German Finance Minister Christian Lindner urged the European Central Bank to raise rates to strengthen the currency.
The euro is close to reaching parity with the dollar for the first time in 20 years as the Federal Reserve lifts rates while the European Central Bank does not.
Lindner told reporters on Friday that inflation risks in Europe emerge from the development of the euro's external value. Europe desperately needs future economic development that is threatened by inflation.
A weaker currency makes imports more expensive and adds to inflationary pressures.
Key interest rates have been kept negative by the European Central Bank. The governor of Germany's central bank suggested that the European Central Bank could raise rates by as much as half a percentage point in July.
Lindner threw his full support behind the move, and said that more steps will follow.
In the early years, the euro traded below the dollar. The euro reached a peak of roughly $1.58 in March 2008.

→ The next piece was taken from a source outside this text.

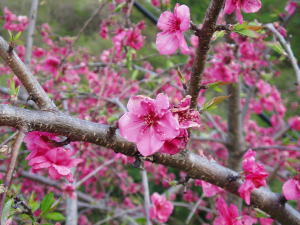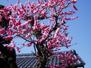 ![]() 赤紫の桃の花 ほんとうに様々な色があります |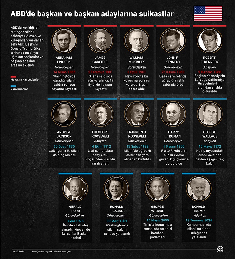 46 ABD Başkanından 15’i Suikasta maruz kalmış ve bunların 5’i hayatını kaybetmiş. Diğer kalan 10’u ise yaralanmış ya da kıl payı ölümden dönmüş…

Easy-money policies from the Federal Reserve helped keep the euro above the dollar. The Fed hiked rates by 0.75 basis points, and expectations for an aggressive cycle of continued increases have sent US bond yields surging.
The dollar has risen against the euro as well as the other top currencies. Russia's war on Ukraine as well as broader market turmoil have sent investors flocking to the safe haven of the dollar. Expectations for aggressive rate hikes by the European Central Bank are being hampered by a weakened eurozone economy.